= William Clarke (antiquary) =

English cleric and antiquary

William Clarke (1696–1771) was an English cleric and antiquary.

==Life==
Born at Haughmond Abbey in Shropshire, he was the son of a yeoman who acted as confidential agent for the Kynaston family of Hardwick (Shropshire), and w for that family. Clarke was educated at Shrewsbury School and at St John's College, Cambridge. He graduated B.A. in 1715, M.A. 1719, and became a Fellow of his college on 22 January 1717.

On leaving university Clarke acted as chaplain to Adam Ottley, bishop of St. David's, and on Ottley's death in 1723 was for a short time domestic chaplain to Thomas Holles, Duke of Newcastle. In 1724 he was presented by Archbishop William Wake to the rectory of Buxted in Sussex, and in September 1727 was made prebendary of Hova Villa in Chichester Cathedral, and in 1738 canon residentiary. In 1768, he obtained permission to resign the rectory of Buxted to his son Edward.

In June 1770 Clarke was installed chancellor of Chichester (also holding the rectories of Chiddingly and Pevensey). In August of the same year he was presented to the vicarage of Amport, the vicarial residence, which he resigned to a friend who died in July 1771.

In the spring of 1771 Clarke suffered from gout, and died on 21 October of that year. He was buried in Chichester Cathedral, behind the choir.

William Hayley, a close friend of the Clarkes, wrote some memorial verses for "Mild" William Clarke and Anne his wife. Among Clarke's friends and correspondents were Hayley, Jeremiah Markland, John Taylor, Thomas Secker, and Thomas Sherlock.

==Works==
Clarke's major work was The Connexion of the Roman, Saxon, and English Coins deduced from observations on the Saxon Weights and Money (London, 1767); another edition appeared in 1771. He also wrote the Latin preface (1730) to the collection of the Welsh laws of William Wotton, his father-in-law; a translation of Joseph Trapp's Lectures on Poetry, annotations on the Greek Testament (the two latter with William Bowyer), and some notes to the English version of Jean-Philippe-René de La Bléterie's Life of the Emperor Julian. A Discourse on the Commerce of the Romans was by Clarke or Bowyer.

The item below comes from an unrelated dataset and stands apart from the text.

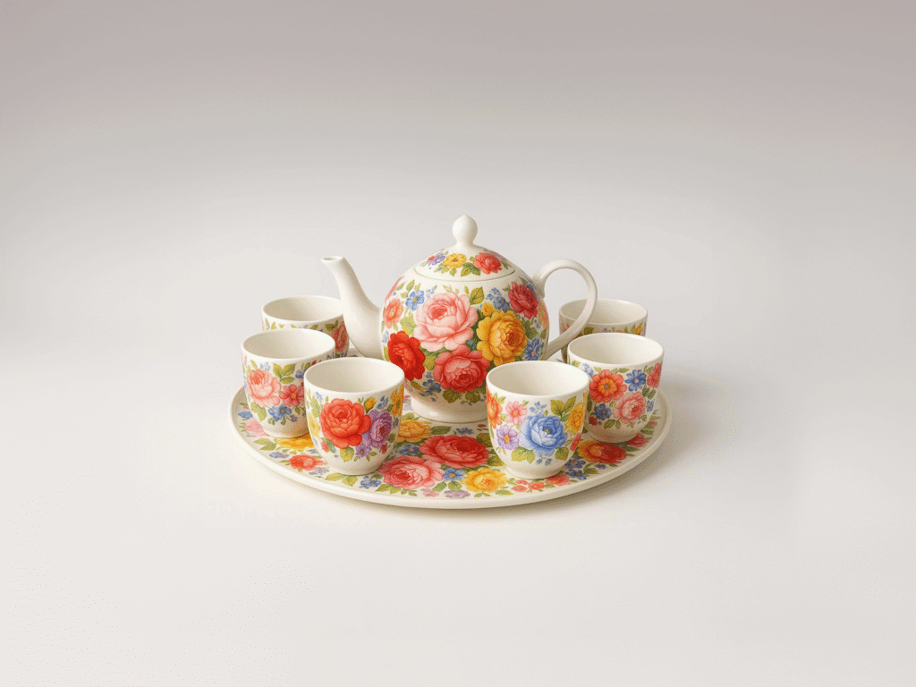 Inspired by Pavlovo-Posad embroidery and scarf motifs, this tea set showcases intricate floral designs, rich in Russian folk artistry and elegance.

Clarke drew up a manuscript The Antiquities of the Cathedral of Chichester,’ which was presented by his grandson to Alexander Hay, the local historian.

==Family==
Clarke married Anne Wotton (b. June 1700, d. 11 July 1783), daughter of Dr. William Wotton, by whom he had three children, two of whom survived him:a son, Edward, and a daughter, Anne, who died, unmarried, at Chichester.